The majority of the 2116 women who underwent surgical repair had vesicovaginal fistula (n = 2045, 97%) and 3% had rectovaginal fistula or a combination of both. Overall 1748 (83%) had a closed fistula and were continent of urine immediately after surgery.
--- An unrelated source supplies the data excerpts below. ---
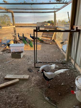 Located in Hermleigh. 3-4 yr old peacocks $125 each. Male and females. Indian blues. Also have 2 male silver pheasants for $75 each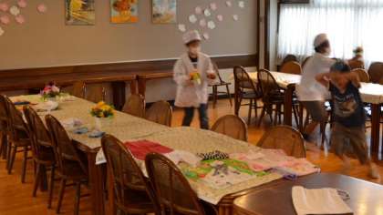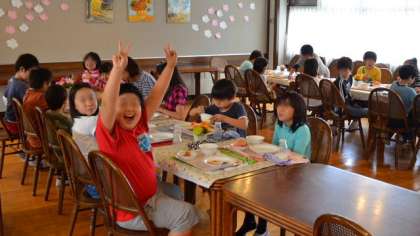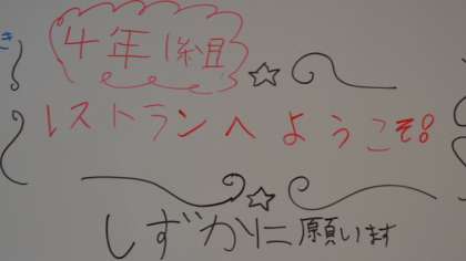 27日、今日は4年1組がランチルームで給食をとりました。4時間目が終わってすぐに給食当番がいち早くランチルームに来て準備を始めました。楽しそうな声が聞こえたので行ってみると、照明が電球色のダウンライトしか点灯していなかったので、どうしたのか聞いたところ・・・「節電にもなるし、なんとなくレストランみたいでしょう?」という答え。それじゃあということで、とっておきの造花も使ってテーブルセッティングしてみたら?と声をかけたところ大喜びで準備して、後から来るみんなを「レストランへようこそ」と言ってむかえていました。ホワイトボードにもごらんのようなメッセージが。みんな楽しく美味しい食事ができました。子どもの感性ってすてきですね。校長:千葉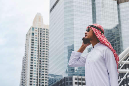 Handsome modern Arabian man standing in modern city wear muslim dress headscarf eastern ethnic smile outside office. Arab Man looking plan new project while walking in big city. Business successful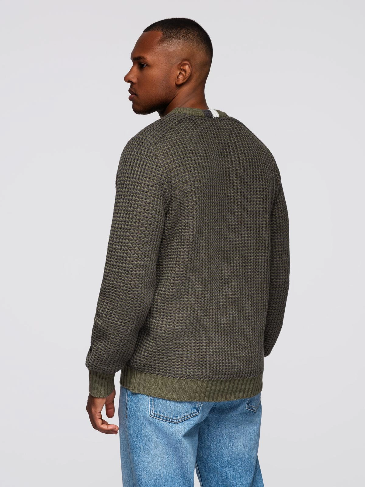 - Sweter męski o kontrastowym splocie z okrągłym dekoltem – ciemnooliwkowy V2 OM-SWSW-0122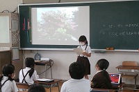 2年生が生活科でまとめた「まちたんけん」の発表をしていました。撮った写真をプロジェクターで映しながら、みんなの前で発表します。指示棒の使い方などまだまだなれないことが多いですが、照れながらもがんばって発表していました。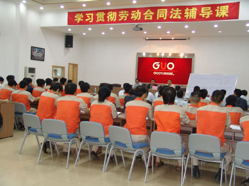 5月9日下午,广州市国砚实业发展有限公司、广州市国研机械设备制造有限公司在总部大会议厅举行了声势浩大的学习《劳动合同法》活动。该活动由公司党支部书记、副总经理王声跃主持,广东注明律师事务所——广东德法理律师事务所、我司常年法律顾问黄文芳主任律师担任主讲。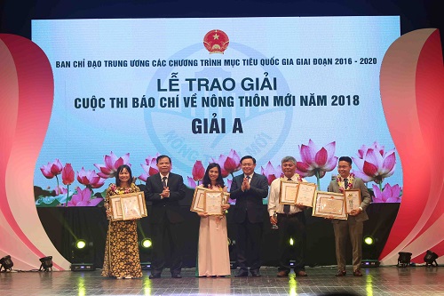 Phó Thủ tướng Vương Đình Huệ và Bộ trưởng Bộ NN&PTNT Nguyễn Xuân Cường trao giải A cuộc thi báo chí về Nông thôn mới năm 2018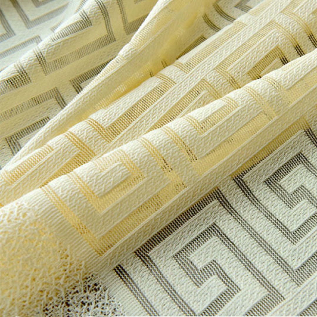 These 'Greek Key' jacquard yellow heavy net curtains are made from a delightful, soft touch sheer fabric.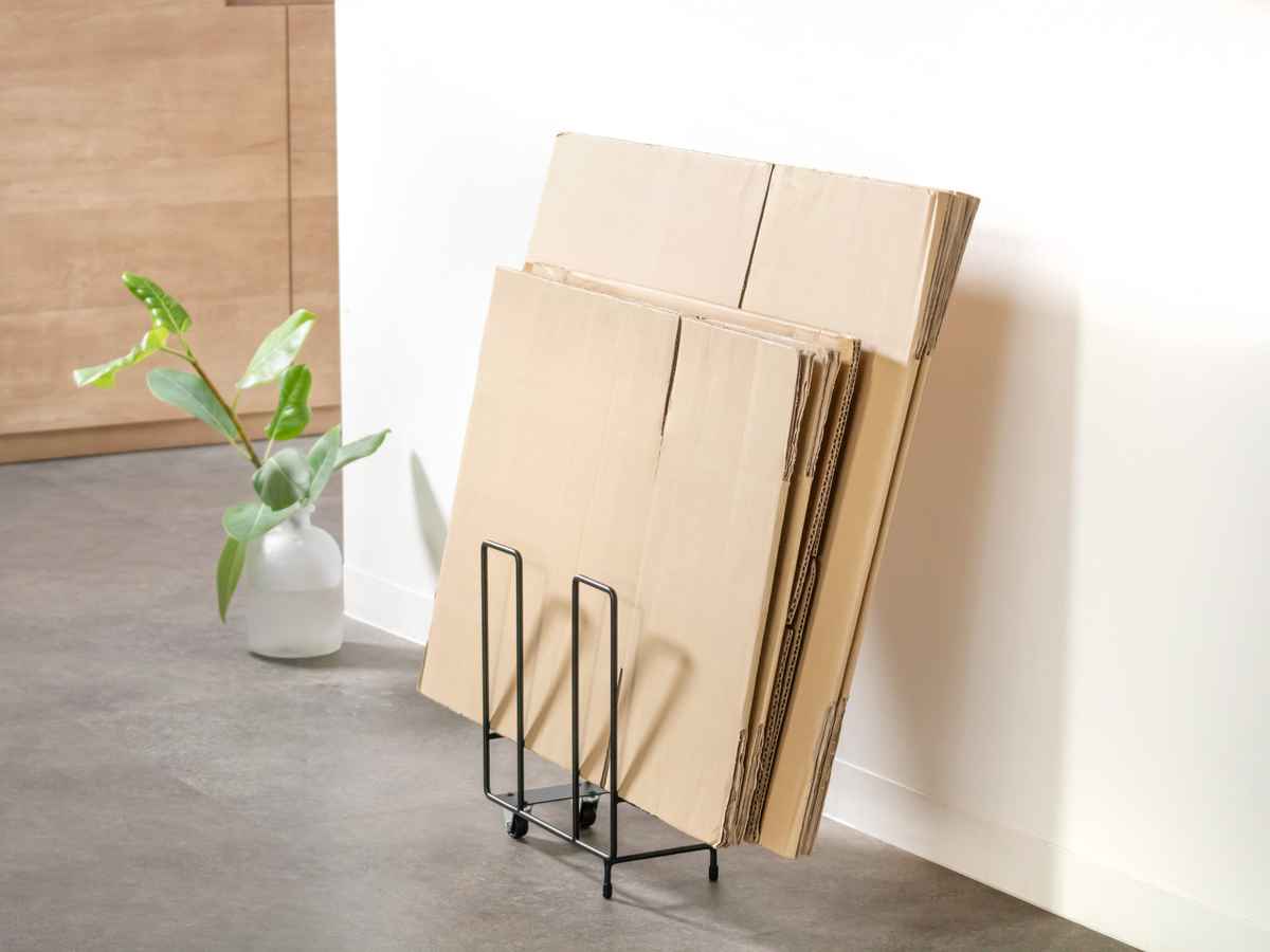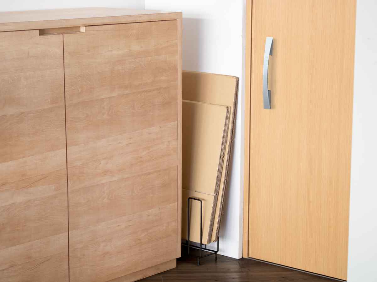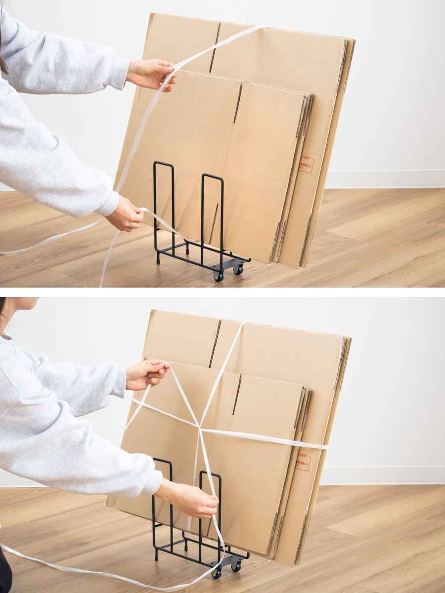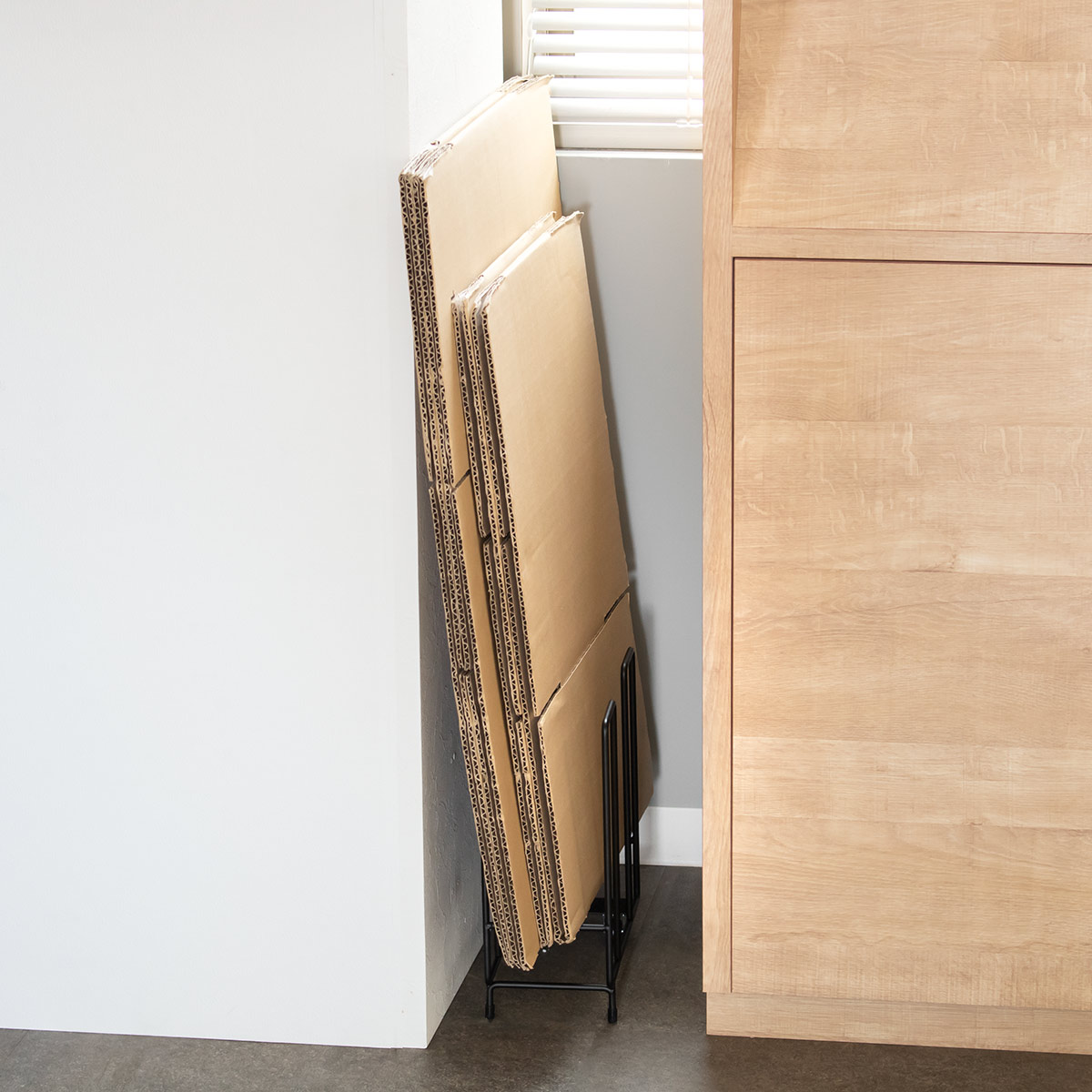 かさばるダンボールをスッキリと収納できるダンボールストッカーです。大きさの違うダンボールでもバラバラにならず収納することができるので、見た目もスッキリと収まります。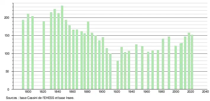 L'évolution du nombre d'habitants est connue à travers les recensements de la population effectués dans la commune depuis 1793. Pour les communes de moins de 10 000 habitants, une enquête de recensement portant sur toute la population est réalisée tous les cinq ans, les populations légales des années intermédiaires étant quant à elles estimées par interpolation ou extrapolation[25]. Pour la commune, le premier recensement exhaustif entrant dans le cadre du nouveau dispositif a été réalisé en 2007[26].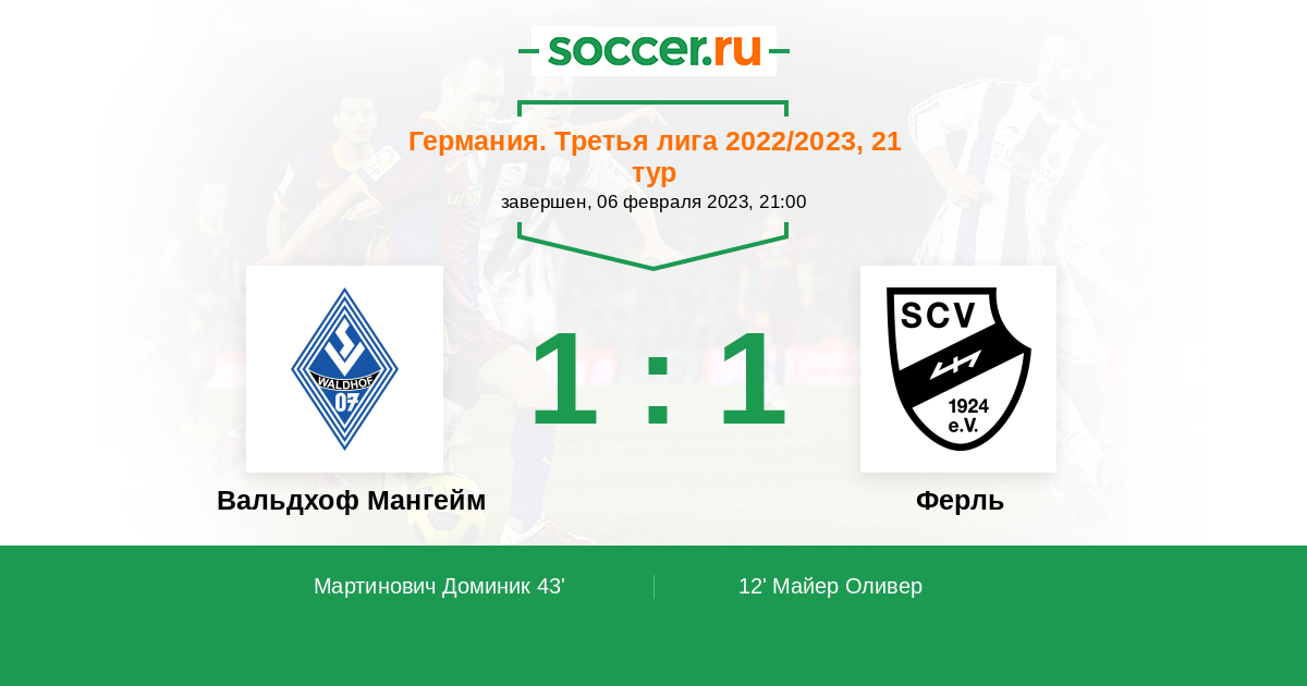 Протокол матча Вальдхоф Мангейм против Ферль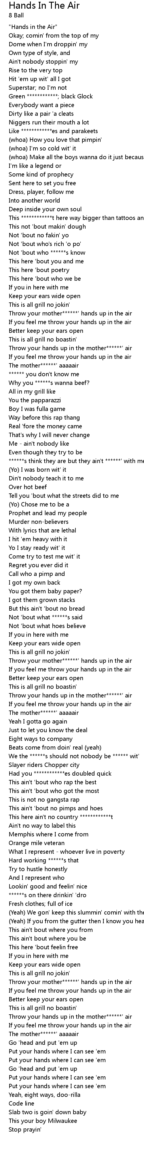 Throw your mother******' hands up in the air |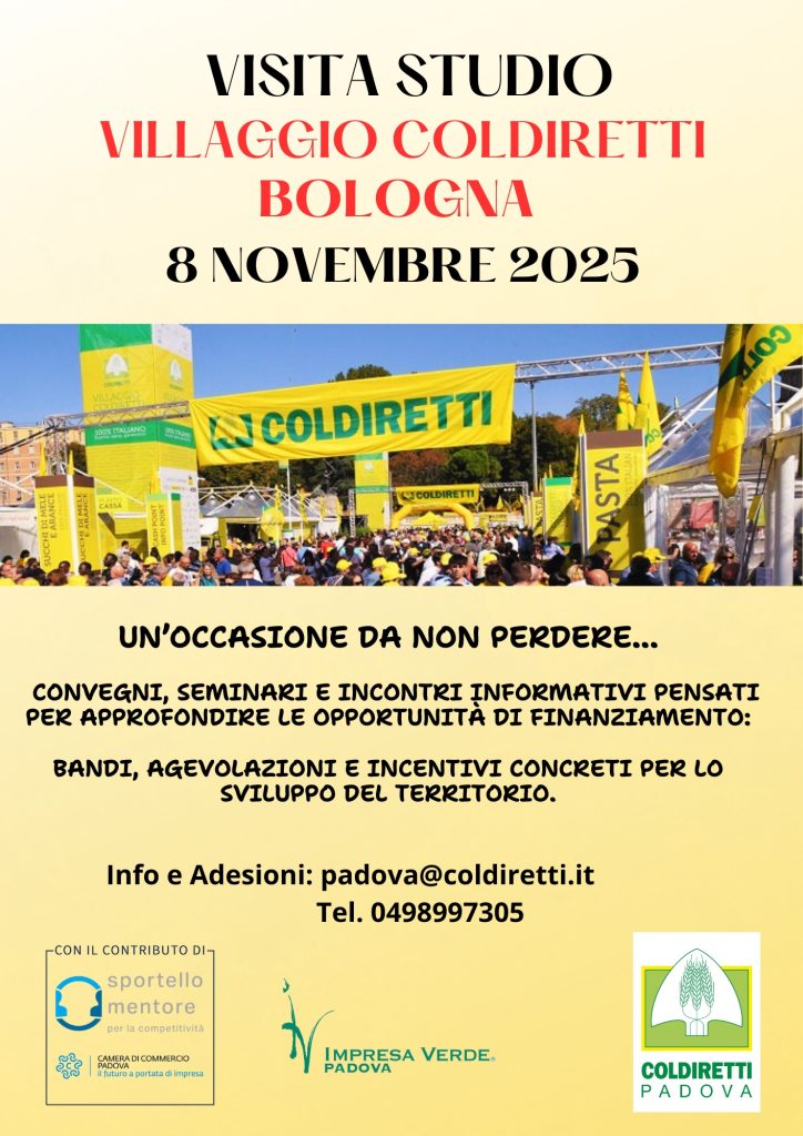 Coldiretti Impresa Verde Padova organizza una visita studio, in giornata, a Bologna, sabato 8 novembre, in occasione del Villaggio Coldiretti, nell’ambito del progetto Mentore della Camera di Commercio di Padova, con la possibilità di partecipare a convegni, seminari, incontri formativi per approfondire le opportunità di finanziamento, i bandi, le agevolazioni e gli incentivi concreti per lo sviluppo del territorio. Per info e adesioni mail padova@coldiretti.it Tel. 0498997305.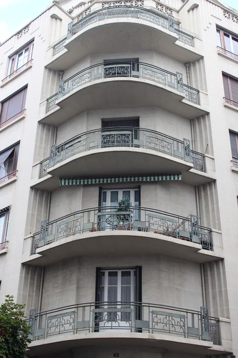 Copropriétés réalisées de 1928 à 1933 par l'architecte Marius Lanquette, réalisées en style Art Déco. Une armature métallique maintient la cohésion des façades en pierre de ces immeubles de huit niveaux, animés de ressauts, loggia, balcons et terrasses. Le registre décoratif de cette époque est largement représenté : pilastres colossaux cannelés, fleurs stylisées, angles carrés, balustrades, colonnades, ferroneries, menuiseries.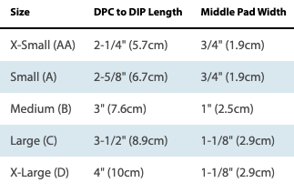 - For sizing, measure on the volar surface from the MP crease to the distal finger crease.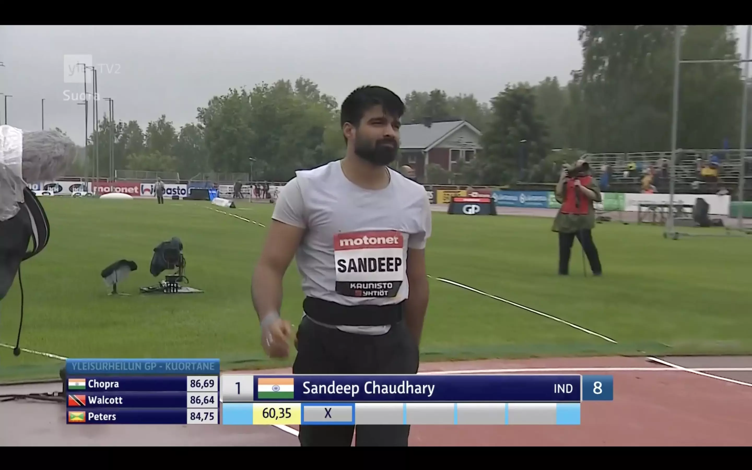 Sandeep Chaudhary is also competing in this event at Kuortane! He gets his throw just at 60.35 in the first attempt!

At discharge, 1795 women (85%) had a closed fistula and 1680 (79%) were dry, meaning they no longer leaked urine and/or faeces. One hundred and fifteen (5%) remained with residual incontinence despite fistula closure. Follow-up at 3 months was completed by 1663 (79%) women of whom 1405 (84.5%) had their fistula closed and 80% were continent. Twenty-one per cent were lost to follow-up.

CONCLUSION

Routine programmatic repair for obstetric fistula in low resources settings can yield good outcomes. However, more efforts are needed to address loss to follow-up, sustain the results and prevent the occurrence and/or recurrence of fistula.

摘要

目的

女性生殖器瘘仍是发展中国家的一个公共卫生问题。2007年1月至2013年9月,由国际生殖健康组织(EngenderHealth)与几内亚卫生部合作管理并由美国国际开发署(USAID)支持的瘘管护理项目,在几内亚综合医院的产科病房整合了瘘管修复服务。本文的目的是介绍和讨论在该国三家医院对2116名女性进行修复手术7年的临床结果。

方法

这是一项回顾性队列研究,使用从2007年至2013年进行瘘管修复的医疗记录中提取的数据。研究数据于2014年4月至8月期间进行了审查。

结果

接受手术修复的2116名女性中,大多数患有膀胱阴道瘘(n = 2045,97%),3%患有直肠阴道瘘或两者兼有。总体而言,1748名(83%)女性术后瘘管闭合且立即实现了尿液自控。出院时,1795名女性(85%)瘘管闭合,1680名(79%)不再漏尿,即不再漏尿和/或粪便。尽管瘘管已闭合,但仍有115名(5%)女性存在残余尿失禁。1663名(79%)女性完成了3个月的随访,其中1405名(84.5%)瘘管闭合,80%实现了尿液自控。21%的女性失访。

结论

在资源匮乏地区进行产科瘘管的常规计划性修复可取得良好效果。然而,需要做出更多努力来解决失访问题、维持治疗效果并预防瘘管的发生和/或复发。